- [Data]:
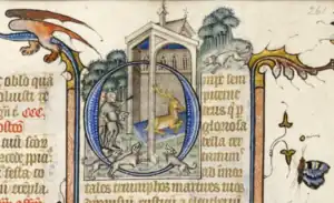 The Gesta is well known for its account of Dagobert's demise.[2] At the time of Dagobert's death, Bishop Ansoald of Poitiers was travelling on a diplomat mission when he stopped in Sicily to meet a famous hermit named John.[2][6] The hermit informed him that, on the very day of Dagobert's death and while he was praying for the king's soul, he had a vision of the king being escorted by black-coloured demons in a boat towards one of the active volcanoes in the Aeolian Islands. The king, however, called out to the saints to whom he had been generous all his life—Denis, Martin and Maurice—who appeared out of thunder and lightning to rescue Dagobert, taking him with them to the Bosom of Abraham.[2][6][17] The story of Dagobert's postmortem rescue probably owes something to the account in Gregory the Great's Dialogues of a hermit on Lipari who saw Theoderic the Great thrown into a volcano that led to Hell.[6]
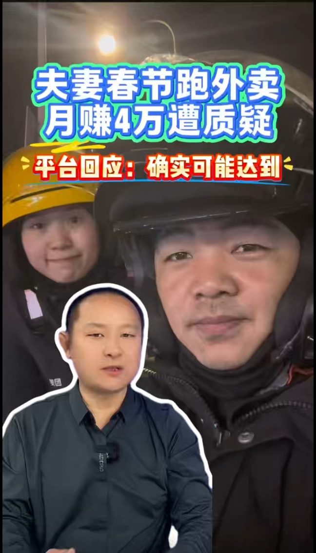 半岛时评| “夫妻春节跑外卖月赚4万”遭质疑,平台回应“确实可能达到”半岛新闻 | 17:18 原创大众新闻·海报新闻 微信扫码扫码下载客户端半岛时评| “夫妻春节跑外卖月赚4万”遭质疑,平台回应“确实可能达到”
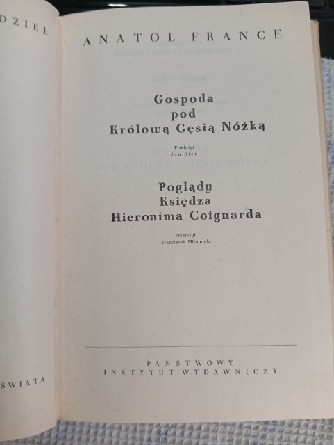 Gospoda Pod Królową Gęsią Nóżką to wesoła, satyryczna opowieść tocząca się w XVIII wieku, którego jest żywym obrazem, z jego bujnością, zamiłowaniem do "nauk tajemniczych" i lebertynizmem.Centralną postacią jest ksiądz Hieronim Coignard, humanista, stoik z przekonania, epikurejczyk z obyczajów, moralista wyrozumiały dla siebie i innych, traktowany przez autora z równą dozą ironii jak i sympatii.
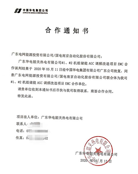近日,國電南自新能源科技有限公司收到廣東華電韶關(guān)熱電有限公司“儲(chǔ)能AGC輔助調(diào)頻項(xiàng)目”中標(biāo)通知書,為韶關(guān)熱電公司2X350MW機(jī)組提供10MW/10MWh全套儲(chǔ)能系統(tǒng)與設(shè)備。
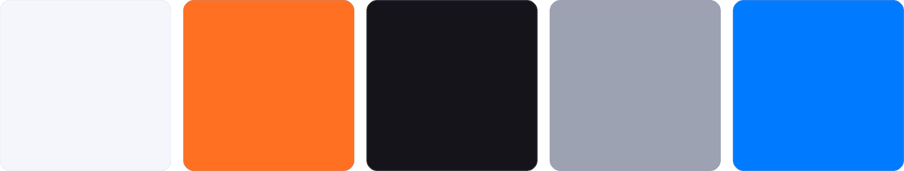 Designed a cohesive brand with orange (#F5A623), black (#1C2526), white (#FFFFFF), gray (#B0B7C0), and blue (#007BFF) palette

- [Activity]:
Would you repeat each line of the listing exactly, skipping any picture?

- [Solution to the problem]:
 The Gesta is well known for its account of Dagobert's demise.[2] At the time of Dagobert's death, Bishop Ansoald of Poitiers was travelling on a diplomat mission when he stopped in Sicily to meet a famous hermit named John.[2][6] The hermit informed him that, on the very day of Dagobert's death and while he was praying for the king's soul, he had a vision of the king being escorted by black-coloured demons in a boat towards one of the active volcanoes in the Aeolian Islands. The king, however, called out to the saints to whom he had been generous all his life—Denis, Martin and Maurice—who appeared out of thunder and lightning to rescue Dagobert, taking him with them to the Bosom of Abraham.[2][6][17] The story of Dagobert's postmortem rescue probably owes something to the account in Gregory the Great's Dialogues of a hermit on Lipari who saw Theoderic the Great thrown into a volcano that led to Hell.[6]
 半岛时评| “夫妻春节跑外卖月赚4万”遭质疑,平台回应“确实可能达到”半岛新闻 | 17:18 原创大众新闻·海报新闻 微信扫码扫码下载客户端半岛时评| “夫妻春节跑外卖月赚4万”遭质疑,平台回应“确实可能达到”
 Gospoda Pod Królową Gęsią Nóżką to wesoła, satyryczna opowieść tocząca się w XVIII wieku, którego jest żywym obrazem, z jego bujnością, zamiłowaniem do "nauk tajemniczych" i lebertynizmem.Centralną postacią jest ksiądz Hieronim Coignard, humanista, stoik z przekonania, epikurejczyk z obyczajów, moralista wyrozumiały dla siebie i innych, traktowany przez autora z równą dozą ironii jak i sympatii.
近日,國電南自新能源科技有限公司收到廣東華電韶關(guān)熱電有限公司“儲(chǔ)能AGC輔助調(diào)頻項(xiàng)目”中標(biāo)通知書,為韶關(guān)熱電公司2X350MW機(jī)組提供10MW/10MWh全套儲(chǔ)能系統(tǒng)與設(shè)備。
 Designed a cohesive brand with orange (#F5A623), black (#1C2526), white (#FFFFFF), gray (#B0B7C0), and blue (#007BFF) palette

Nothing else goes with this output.